We're getting ice now. Not like that though.
People need to be reminded constantly NOT to run gas powered generators in doors and an attached garage is part of the house.
They should also be far enough away from the house to prevent CO from getting back in.
Mark H0 -
As a former Vol Fire Dept Chief, we continued to see this misuse of generators on a regular basis.
Every time we left the incident (many turned out for the worse) we always left with the same question in our minds:
Did these people live in a vacuum and never read a newspaper, watched the TV news or can read and comprehend what is on the generator or in the owners manual???0 -
not a good thing...:(
one thing about any temporary solution....it can have very permanent results. Driving in that stuff is like Russian Roulette at every turn.
when this happens here , the trees snap and break off everywhere and anywhere it is not something that is in the realm of predictable ,..it really is super dangerous for the Electrical crews at that time they really could not price the work that is done. it certainly on a par with Fire and rescue crews. that these Workers can get it done is nothing short of a small miracle. to prove the entrepreneurial spirit is alive and functional there are some people who lash a gen set to the back of the truck and run a bunch of extension type cords out to a few homes in remote cul d sacs during the outage.0 -
Sure they did
They read the newspapers, watched the news and saw all the warnings....but a very powerful phrase kept running through their heads: "That won't happen to me."0 -
Mmmmmmmmmmmm
I smell fire wood!!!!!!
got no choice but to look on the bright side. love my battery and PV panels.0 -
Was rampent up-here too,
during I/S 98,, people running generators in their basements to keep the sump pumps going and the furnace on.

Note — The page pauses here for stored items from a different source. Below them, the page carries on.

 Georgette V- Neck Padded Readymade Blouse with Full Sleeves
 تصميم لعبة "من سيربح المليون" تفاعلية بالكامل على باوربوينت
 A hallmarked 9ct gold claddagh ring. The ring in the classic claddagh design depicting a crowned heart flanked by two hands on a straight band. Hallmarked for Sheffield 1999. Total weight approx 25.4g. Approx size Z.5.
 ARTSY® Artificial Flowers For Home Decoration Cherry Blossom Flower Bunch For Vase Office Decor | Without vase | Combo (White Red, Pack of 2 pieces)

Most were afraid to put them outside as thieves were ripping them off.
Even remember witnessing some fistfights in the bread isle when a few stores did open! Batteries also became a non-existent free for all to be fought over.
Dave0 -
Yup,
We (me and my brother) had a hangar for a while where we slept on occasion. We made bedrooms out of the existing offices. It had a full bath and a kitchen. This would have been in thw wilder days. Were were using a generator one night because the power was out. We had it about 10 feet OUTSIDE with the bay door open. Apparently the wind carried the CO in through the bay door. We all woke up the next morning with the worst headaches we'd ever had. We were lucky we woke up at all.0 -
Glad you are here
and you are 100% correct. It is lucky that any of you woke up at all.
A few years back I received a news story from Washington state. Big snow storm blocked roads and knocked out power.

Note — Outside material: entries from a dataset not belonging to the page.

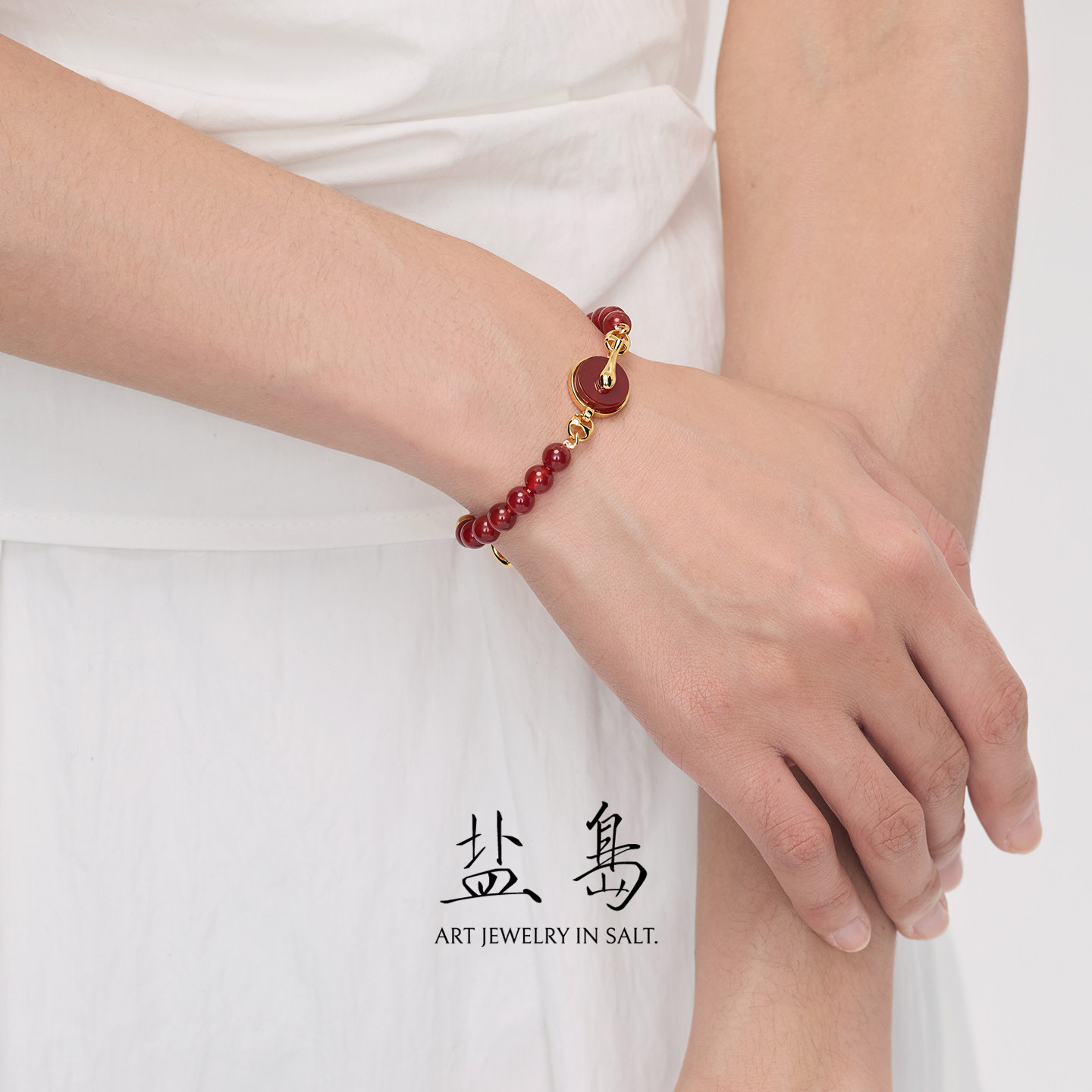 盐岛平安如意红玛瑙串珠手链本命年红色轻奢小众高级感礼品红绳女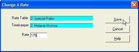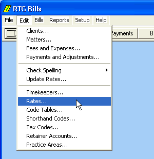 To change the billing rate for a timekeeper, choose Edit > Rates from the menu.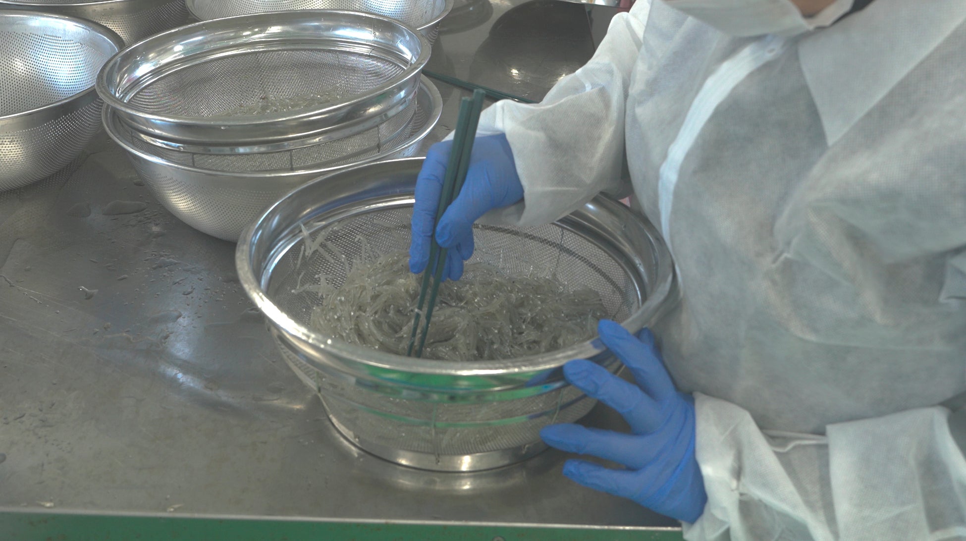 品物は沖で漁師の目利きによって個体のサイズや他の混ざり物などがなく純度が高いものなどをトータルで判断し、クリアしたもののみが輝白の原料となります。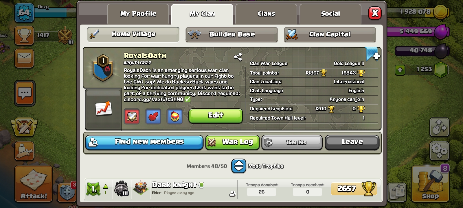 Royal Kingdom 2Looking for active members. Try your best in war and use both attacks. Get as much points as you can in clan games. Do the best you can and don be afraid to learn more. Discord: discord.gg/sSHFrsK |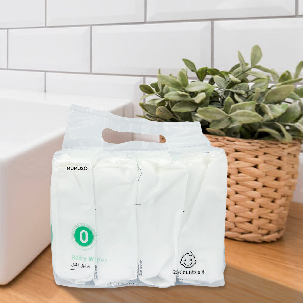 Mumuso Baby Wipes are perfect for caring for your baby's delicate skin. With 25 pieces per pack for a total of 4 packs, you have plenty to cover your little one from head to toe. Gentle and dermatologically certified, our wipes are made with 99% purified water and naturally derived ingredients.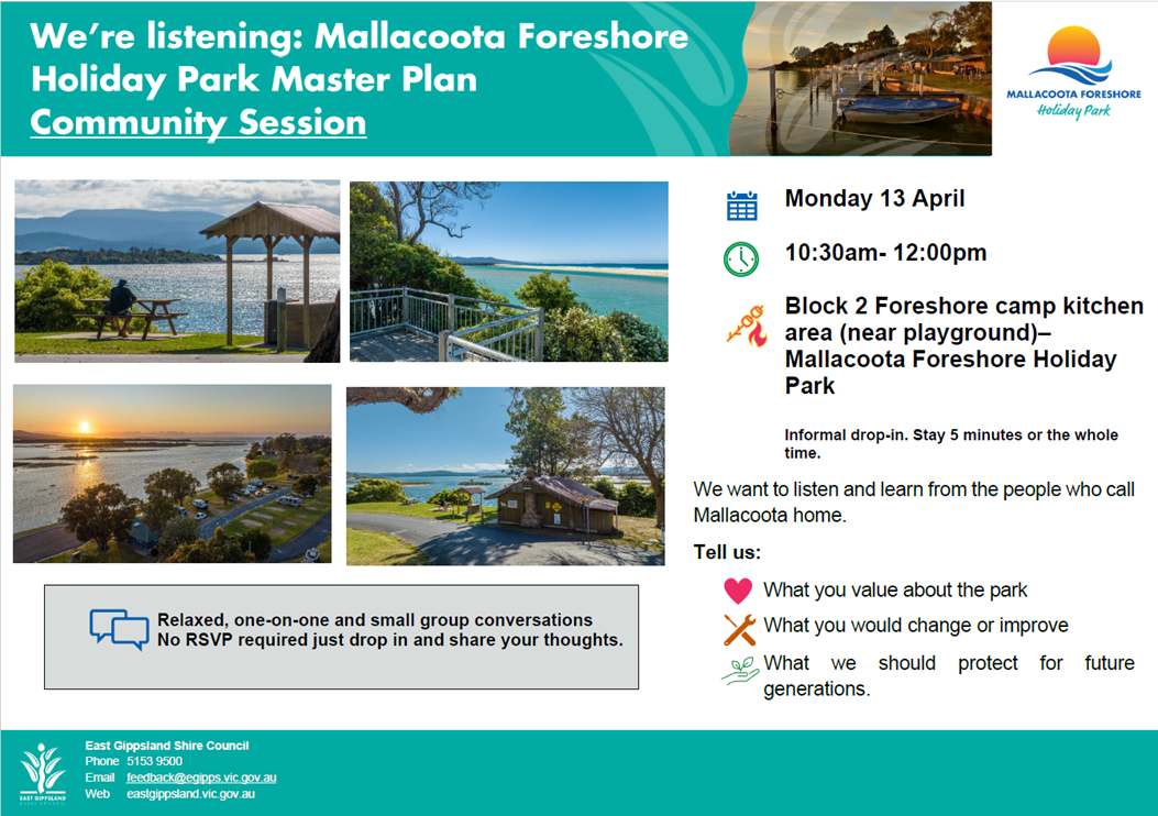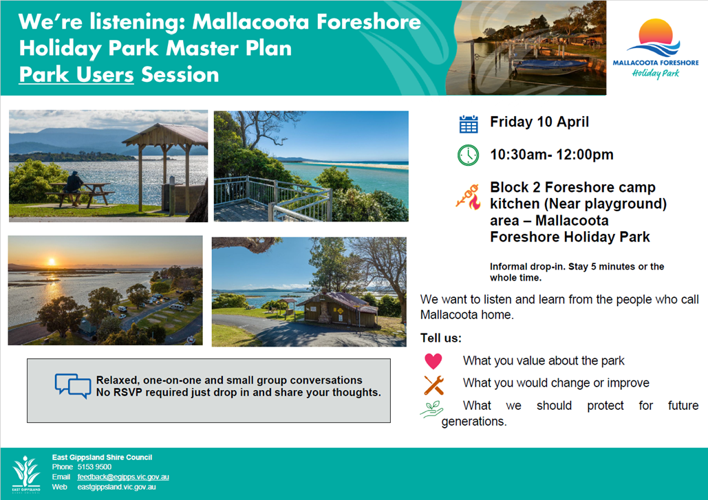 Thank you to everyone who took part in the Mallacoota Foreshore Holiday Park engagement. Your feedback is helping shape the future Master Plan.

A young man was concerned for the well being of his aunt and uncle that lived off the beaten path. Phone calls went un-answered so when he was able, he drove out to check on them. He had to walk the last half mile or so because the road was still snowed in. He found them both, dead.
A generator that had long since run out of gas was in the attached garage and a lead cord was run in to the house so that the door to the garage was left open just a bit for the power cable.
That is all it took.
Ever hear about the cab driver on Long Island? He went home for lunch, he lived in a condo, and pulled the cab into his garage. He left the door open but he also left his cab running because it was so cold. He finished his lunch and went back to work.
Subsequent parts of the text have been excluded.